Democrats Split Over Whether to Kill Private Health Insurance

Democrats Split Over Whether to Kill Private Health Insurance

(Bloomberg) -- Democratic presidential candidates sparred over health-care policy in Tuesday night’s debate, including the political consequences of plans that could replace private health insurance with a single-payer government plan.

With Senators Elizabeth Warren and Bernie Sanders sharing the stage and united behind a single-payer Medicare for All system, more moderate contenders sought to cast their proposals as unrealistic, disruptive and politically suicidal.

The debate in Detroit highlighted one of the most fundamental splits among Democrats over whether to pursue sweeping changes that energize the party’s progressive wing or more incremental changes that might sit easier with moderate voters in swing states.

Support for single-payer coverage stands at about 51%, according to recent polling by the Kaiser Family Foundation, a nonprofit health research group. Proposals that would give people an option to buy into public insurance programs tend to garner more support than Medicare for All, which would replace private insurance entirely.

Among Democrats, 72% favor or strongly favor single-payer, with 20% opposed. But there’s significant support for more incremental approaches than what Sanders and Warren propose. About 55% of Democrats and Democratic-leaning independents prefer building on the Affordable Care Act to replacing it wholesale with Medicare for All, according to the Kaiser Foundation’s polling.

Former Representative John Delaney attacked Sanders, calling the Vermont lawmaker’s plans “impossible promises.”

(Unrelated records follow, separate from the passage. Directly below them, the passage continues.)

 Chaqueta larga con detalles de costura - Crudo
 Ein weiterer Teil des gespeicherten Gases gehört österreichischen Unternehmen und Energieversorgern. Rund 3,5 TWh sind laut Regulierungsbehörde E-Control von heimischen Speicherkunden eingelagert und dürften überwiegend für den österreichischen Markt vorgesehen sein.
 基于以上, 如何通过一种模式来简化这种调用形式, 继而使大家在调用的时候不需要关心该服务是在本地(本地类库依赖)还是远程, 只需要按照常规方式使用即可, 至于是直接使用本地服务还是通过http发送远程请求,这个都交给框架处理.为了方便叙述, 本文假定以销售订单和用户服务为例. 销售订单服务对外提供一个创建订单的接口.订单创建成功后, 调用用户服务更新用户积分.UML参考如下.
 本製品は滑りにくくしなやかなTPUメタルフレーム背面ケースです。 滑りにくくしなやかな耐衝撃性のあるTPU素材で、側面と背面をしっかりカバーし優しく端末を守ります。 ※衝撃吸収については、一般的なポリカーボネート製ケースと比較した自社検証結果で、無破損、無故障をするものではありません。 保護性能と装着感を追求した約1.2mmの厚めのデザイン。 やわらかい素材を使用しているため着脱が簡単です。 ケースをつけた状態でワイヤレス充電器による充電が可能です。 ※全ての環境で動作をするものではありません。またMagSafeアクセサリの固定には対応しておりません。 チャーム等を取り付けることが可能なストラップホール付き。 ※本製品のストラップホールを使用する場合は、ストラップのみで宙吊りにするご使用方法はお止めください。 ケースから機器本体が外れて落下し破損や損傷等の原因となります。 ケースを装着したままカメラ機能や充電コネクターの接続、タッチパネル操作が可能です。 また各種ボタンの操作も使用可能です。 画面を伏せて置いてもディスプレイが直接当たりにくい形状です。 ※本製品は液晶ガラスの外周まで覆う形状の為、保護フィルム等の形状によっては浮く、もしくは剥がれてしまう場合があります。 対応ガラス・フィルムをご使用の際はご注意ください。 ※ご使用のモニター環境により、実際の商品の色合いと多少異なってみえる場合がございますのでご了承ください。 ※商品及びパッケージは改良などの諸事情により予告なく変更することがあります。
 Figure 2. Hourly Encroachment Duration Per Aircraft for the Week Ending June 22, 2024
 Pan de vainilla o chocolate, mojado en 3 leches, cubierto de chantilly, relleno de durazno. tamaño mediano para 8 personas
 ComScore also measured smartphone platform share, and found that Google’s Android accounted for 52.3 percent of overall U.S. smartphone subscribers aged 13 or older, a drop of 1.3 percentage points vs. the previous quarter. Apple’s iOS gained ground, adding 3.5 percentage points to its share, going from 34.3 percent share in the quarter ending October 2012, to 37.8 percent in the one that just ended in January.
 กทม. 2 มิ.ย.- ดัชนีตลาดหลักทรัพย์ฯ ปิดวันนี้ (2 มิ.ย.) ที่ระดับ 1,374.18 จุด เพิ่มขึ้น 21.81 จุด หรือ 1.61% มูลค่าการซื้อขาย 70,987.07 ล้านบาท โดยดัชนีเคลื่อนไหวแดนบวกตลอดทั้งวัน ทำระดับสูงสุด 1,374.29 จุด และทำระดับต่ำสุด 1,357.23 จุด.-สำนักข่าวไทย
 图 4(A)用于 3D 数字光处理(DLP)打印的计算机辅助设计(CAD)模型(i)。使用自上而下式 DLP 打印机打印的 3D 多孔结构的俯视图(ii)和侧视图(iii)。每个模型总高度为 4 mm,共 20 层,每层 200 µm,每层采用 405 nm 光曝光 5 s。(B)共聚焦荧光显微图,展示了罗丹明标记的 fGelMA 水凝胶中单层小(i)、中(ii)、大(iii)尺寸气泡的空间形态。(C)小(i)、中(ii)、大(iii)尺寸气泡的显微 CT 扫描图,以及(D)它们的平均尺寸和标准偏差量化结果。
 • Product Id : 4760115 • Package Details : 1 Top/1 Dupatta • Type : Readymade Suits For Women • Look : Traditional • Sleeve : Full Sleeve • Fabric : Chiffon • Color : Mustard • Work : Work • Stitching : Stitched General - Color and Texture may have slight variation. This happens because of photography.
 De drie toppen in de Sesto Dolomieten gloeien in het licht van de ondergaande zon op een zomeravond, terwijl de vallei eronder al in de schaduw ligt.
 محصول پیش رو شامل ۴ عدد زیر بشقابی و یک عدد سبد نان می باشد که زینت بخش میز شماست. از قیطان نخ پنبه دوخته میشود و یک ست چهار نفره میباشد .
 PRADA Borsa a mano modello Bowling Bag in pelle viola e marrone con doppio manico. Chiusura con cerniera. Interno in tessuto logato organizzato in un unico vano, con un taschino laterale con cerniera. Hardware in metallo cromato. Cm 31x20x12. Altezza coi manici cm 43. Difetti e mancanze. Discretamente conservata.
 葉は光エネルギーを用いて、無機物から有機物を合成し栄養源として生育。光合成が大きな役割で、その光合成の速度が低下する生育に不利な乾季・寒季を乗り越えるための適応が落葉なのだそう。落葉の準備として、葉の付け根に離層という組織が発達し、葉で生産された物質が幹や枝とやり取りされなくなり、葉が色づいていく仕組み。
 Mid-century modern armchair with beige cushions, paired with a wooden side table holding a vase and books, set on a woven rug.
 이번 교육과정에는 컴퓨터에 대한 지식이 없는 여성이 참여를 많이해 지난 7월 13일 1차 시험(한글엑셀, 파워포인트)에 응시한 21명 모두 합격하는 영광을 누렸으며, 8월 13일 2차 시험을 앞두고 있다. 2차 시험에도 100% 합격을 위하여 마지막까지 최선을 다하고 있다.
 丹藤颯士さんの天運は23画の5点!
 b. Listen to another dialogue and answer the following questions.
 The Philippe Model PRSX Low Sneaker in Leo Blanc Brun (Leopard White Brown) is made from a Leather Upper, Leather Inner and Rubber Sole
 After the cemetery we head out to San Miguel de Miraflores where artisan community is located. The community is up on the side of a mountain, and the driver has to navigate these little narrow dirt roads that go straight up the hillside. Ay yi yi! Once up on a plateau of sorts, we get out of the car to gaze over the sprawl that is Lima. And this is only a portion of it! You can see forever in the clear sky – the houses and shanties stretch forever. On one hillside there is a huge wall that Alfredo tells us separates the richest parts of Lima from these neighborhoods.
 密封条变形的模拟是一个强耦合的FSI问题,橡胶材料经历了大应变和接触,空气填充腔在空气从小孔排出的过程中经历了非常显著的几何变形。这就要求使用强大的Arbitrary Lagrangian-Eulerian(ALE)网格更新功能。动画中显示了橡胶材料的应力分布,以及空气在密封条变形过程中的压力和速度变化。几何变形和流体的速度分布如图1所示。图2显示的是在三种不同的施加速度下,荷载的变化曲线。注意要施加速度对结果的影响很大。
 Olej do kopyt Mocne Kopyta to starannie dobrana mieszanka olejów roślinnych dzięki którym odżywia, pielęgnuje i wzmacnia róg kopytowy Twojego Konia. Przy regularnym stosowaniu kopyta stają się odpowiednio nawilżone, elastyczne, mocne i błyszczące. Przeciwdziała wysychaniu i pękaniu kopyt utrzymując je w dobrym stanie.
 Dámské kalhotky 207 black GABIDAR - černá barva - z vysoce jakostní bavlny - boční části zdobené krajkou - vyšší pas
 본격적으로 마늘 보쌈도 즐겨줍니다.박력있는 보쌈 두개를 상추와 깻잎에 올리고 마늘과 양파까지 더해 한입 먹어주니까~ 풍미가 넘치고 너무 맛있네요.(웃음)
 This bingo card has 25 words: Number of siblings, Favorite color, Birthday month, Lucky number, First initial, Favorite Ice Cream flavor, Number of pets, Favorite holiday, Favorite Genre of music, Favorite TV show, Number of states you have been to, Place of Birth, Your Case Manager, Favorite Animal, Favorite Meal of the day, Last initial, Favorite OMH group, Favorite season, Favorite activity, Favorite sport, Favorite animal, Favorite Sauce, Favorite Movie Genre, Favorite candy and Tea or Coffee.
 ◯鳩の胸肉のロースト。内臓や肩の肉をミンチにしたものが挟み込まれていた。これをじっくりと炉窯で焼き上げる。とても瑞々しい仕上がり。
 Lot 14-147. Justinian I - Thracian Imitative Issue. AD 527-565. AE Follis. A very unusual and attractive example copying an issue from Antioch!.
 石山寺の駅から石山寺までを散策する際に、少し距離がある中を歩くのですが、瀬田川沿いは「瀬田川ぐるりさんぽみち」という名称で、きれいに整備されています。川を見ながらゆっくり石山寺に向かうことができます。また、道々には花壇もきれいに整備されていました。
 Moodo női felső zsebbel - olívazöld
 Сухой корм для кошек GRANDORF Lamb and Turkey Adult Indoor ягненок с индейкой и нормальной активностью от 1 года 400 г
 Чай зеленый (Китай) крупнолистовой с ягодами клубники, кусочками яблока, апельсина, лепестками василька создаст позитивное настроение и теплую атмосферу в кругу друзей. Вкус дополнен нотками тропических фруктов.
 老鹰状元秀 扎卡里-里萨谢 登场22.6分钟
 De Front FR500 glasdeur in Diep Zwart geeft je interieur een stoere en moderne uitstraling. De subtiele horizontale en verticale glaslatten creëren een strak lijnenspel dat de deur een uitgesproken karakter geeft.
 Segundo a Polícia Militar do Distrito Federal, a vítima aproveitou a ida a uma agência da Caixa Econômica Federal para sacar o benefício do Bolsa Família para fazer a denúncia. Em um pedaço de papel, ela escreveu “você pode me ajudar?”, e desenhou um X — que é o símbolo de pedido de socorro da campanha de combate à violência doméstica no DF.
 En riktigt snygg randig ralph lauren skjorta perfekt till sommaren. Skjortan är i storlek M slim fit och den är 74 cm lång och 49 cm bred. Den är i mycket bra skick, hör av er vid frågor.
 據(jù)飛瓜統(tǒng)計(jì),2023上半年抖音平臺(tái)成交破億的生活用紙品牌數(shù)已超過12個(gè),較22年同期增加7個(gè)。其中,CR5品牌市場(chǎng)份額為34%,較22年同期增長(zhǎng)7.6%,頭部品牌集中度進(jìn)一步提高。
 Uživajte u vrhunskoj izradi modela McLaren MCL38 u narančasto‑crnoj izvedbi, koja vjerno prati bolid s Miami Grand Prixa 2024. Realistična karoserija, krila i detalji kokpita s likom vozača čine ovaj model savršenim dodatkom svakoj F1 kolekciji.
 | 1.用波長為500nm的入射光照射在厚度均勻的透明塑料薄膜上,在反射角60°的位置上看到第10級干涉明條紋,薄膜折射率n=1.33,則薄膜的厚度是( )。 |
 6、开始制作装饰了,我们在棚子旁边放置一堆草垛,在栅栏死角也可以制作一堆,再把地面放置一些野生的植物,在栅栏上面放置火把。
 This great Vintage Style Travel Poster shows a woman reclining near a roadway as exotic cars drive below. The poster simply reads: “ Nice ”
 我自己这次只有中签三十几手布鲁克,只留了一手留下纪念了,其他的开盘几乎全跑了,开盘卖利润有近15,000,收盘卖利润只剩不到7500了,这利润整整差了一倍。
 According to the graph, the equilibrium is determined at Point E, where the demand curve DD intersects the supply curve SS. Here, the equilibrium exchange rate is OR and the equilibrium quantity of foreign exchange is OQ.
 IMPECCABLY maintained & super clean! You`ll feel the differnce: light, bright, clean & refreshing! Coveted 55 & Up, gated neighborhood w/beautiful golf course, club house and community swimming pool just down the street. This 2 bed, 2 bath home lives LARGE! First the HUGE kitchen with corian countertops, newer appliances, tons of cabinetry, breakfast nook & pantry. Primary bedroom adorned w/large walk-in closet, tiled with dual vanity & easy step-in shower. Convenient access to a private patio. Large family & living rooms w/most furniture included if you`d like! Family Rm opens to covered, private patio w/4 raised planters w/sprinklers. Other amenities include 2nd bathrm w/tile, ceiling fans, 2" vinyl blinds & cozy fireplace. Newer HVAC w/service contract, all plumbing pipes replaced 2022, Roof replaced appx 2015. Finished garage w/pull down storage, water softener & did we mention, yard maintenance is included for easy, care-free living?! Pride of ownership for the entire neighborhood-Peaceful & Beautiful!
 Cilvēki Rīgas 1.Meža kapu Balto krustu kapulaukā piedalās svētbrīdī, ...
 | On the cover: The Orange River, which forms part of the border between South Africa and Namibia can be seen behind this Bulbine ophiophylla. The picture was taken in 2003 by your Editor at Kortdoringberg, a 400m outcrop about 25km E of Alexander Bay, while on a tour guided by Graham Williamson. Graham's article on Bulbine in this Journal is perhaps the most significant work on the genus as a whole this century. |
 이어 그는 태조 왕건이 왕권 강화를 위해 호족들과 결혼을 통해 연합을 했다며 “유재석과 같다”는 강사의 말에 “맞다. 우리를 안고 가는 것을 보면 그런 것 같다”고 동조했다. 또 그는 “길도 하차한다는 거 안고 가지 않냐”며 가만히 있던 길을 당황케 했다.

Sanders argued that his proposal to transition to Medicare for All in four years is realistic, and said the proof was nearby.

“Five minutes away from me and John is a country; it’s called Canada,” Sanders said. “They guarantee health care to every man, woman and child as a human right. They spend half of what we spend.”

Public Option

Others said candidates needed to dial back the expectations they were raising among voters.

“Do I think that we’re going to end up voting for a plan that kicks half of America off of their current insurance in four years?” Senator Amy Klobuchar of Minnesota said. “No, I don’t think we’re going to do that.”

All of Klobuchar’s senate colleagues running for the nomination have co-sponsored Sanders’ Medicare-for-all legislation, including Warren, Cory Booker, Kamala Harris and Kirsten Gillibrand.

A number of candidates including Klobuchar, former Texas congressman Beto O’Rourke, South Bend Mayor Pete Buttigieg and former Colorado Governor John Hickenlooper supported a so-called public option. That would let people buy into a public health program if they want to, without forcing the change. Hickenlooper called it “an evolution, not a revolution.”

Warren answered critics with a message intended to unify the 10 candidates on stage.

“We are not about trying to take away health care from anyone,” she said. “That’s what the Republicans are trying to do.”